▶ [Information supplied]
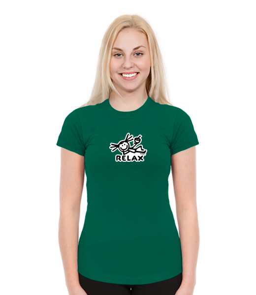 Dámská trička SKRATDA NEW pro ženy s potiskem 1256 RELAX GIRL v barvě UNIVERSITY GREEN
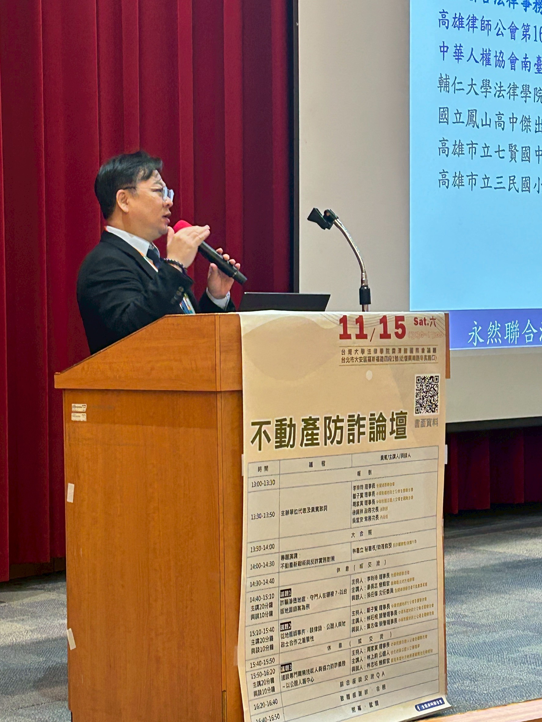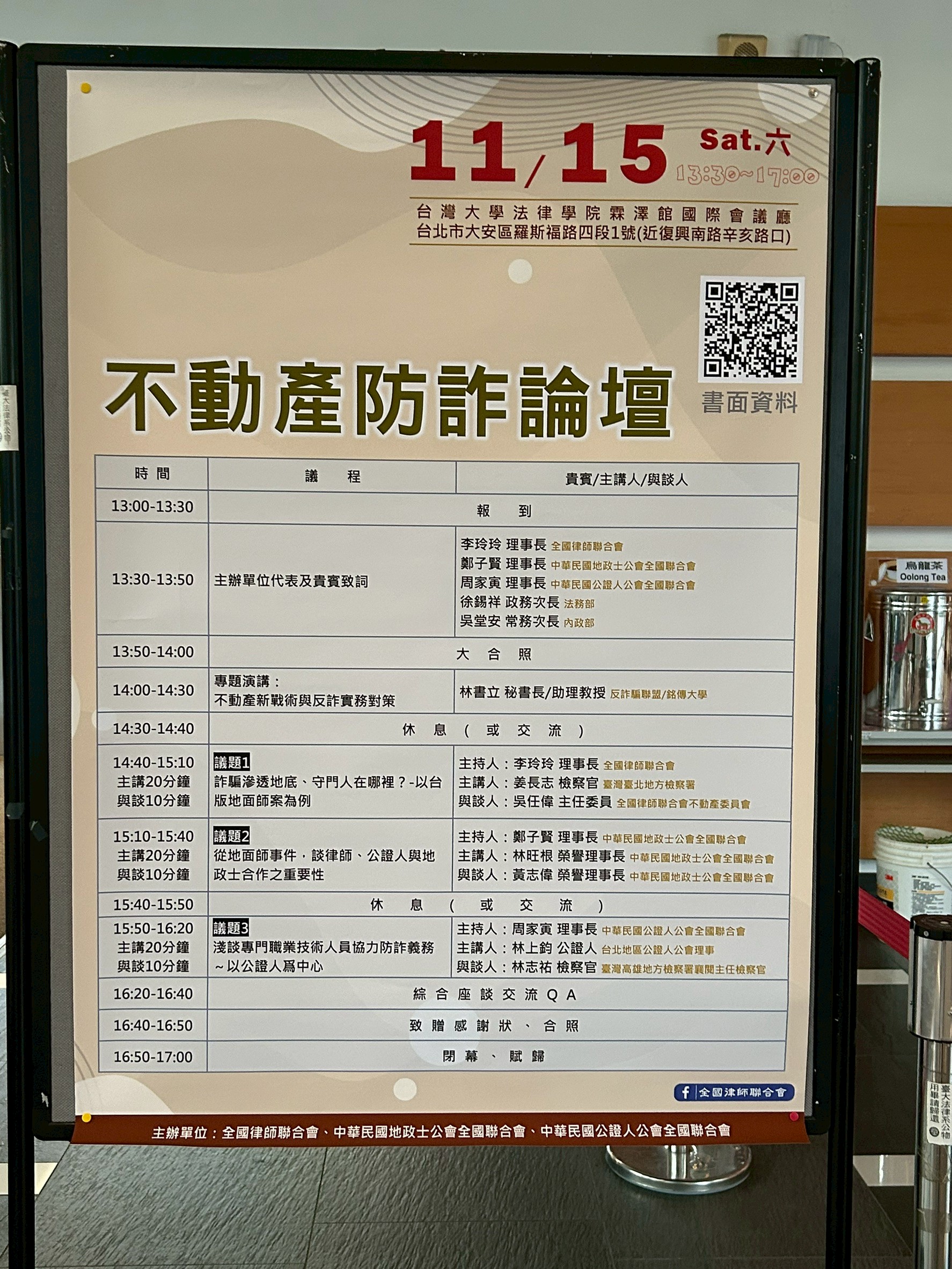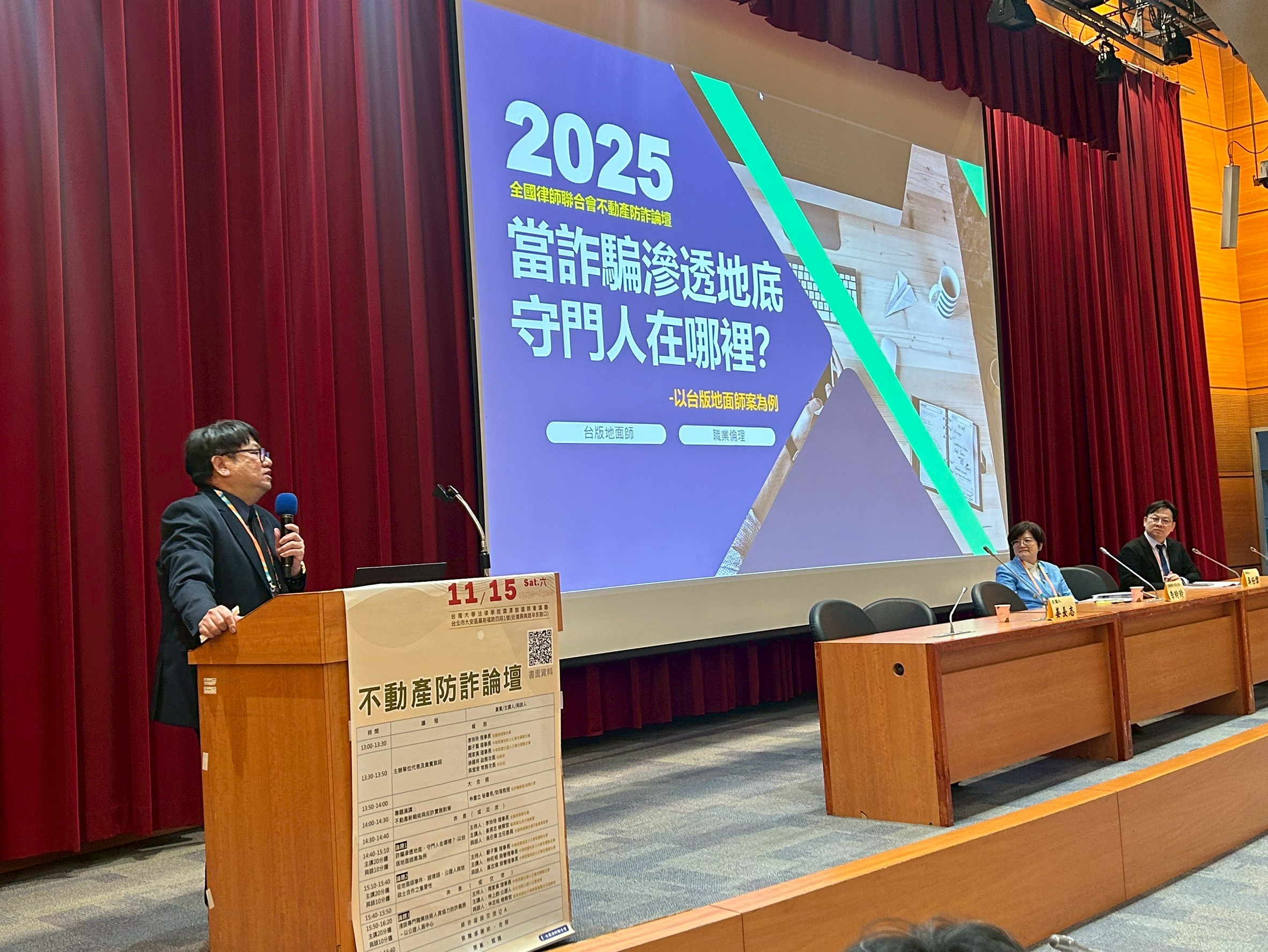 為響應政府不動產防詐政策,推展不動產安全防詐機制,深化自律、維持尊嚴、跨域合作促進互助且信賴的執業藍海,就本會不動產委員會所發起、本會與公證人全聯會及地政士公會全聯會於114年11月15日於臺灣大學法律學院共同主辦「不動產防詐論壇」,為我國律師、我國公證人、我國地政士就不動產防詐、為全民把關之跨域合作對話重要里程碑。
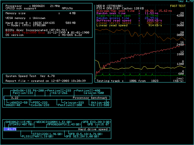 System Speed Test Ver 4.78 Report file - created on 12-07-2003 18:20:35

▶ [Activity]
Write out the data above in full and exactly, but not the pictures.

▶ [Answer to this problem]
 Dámská trička SKRATDA NEW pro ženy s potiskem 1256 RELAX GIRL v barvě UNIVERSITY GREEN
 為響應政府不動產防詐政策,推展不動產安全防詐機制,深化自律、維持尊嚴、跨域合作促進互助且信賴的執業藍海,就本會不動產委員會所發起、本會與公證人全聯會及地政士公會全聯會於114年11月15日於臺灣大學法律學院共同主辦「不動產防詐論壇」,為我國律師、我國公證人、我國地政士就不動產防詐、為全民把關之跨域合作對話重要里程碑。
 System Speed Test Ver 4.78 Report file - created on 12-07-2003 18:20:35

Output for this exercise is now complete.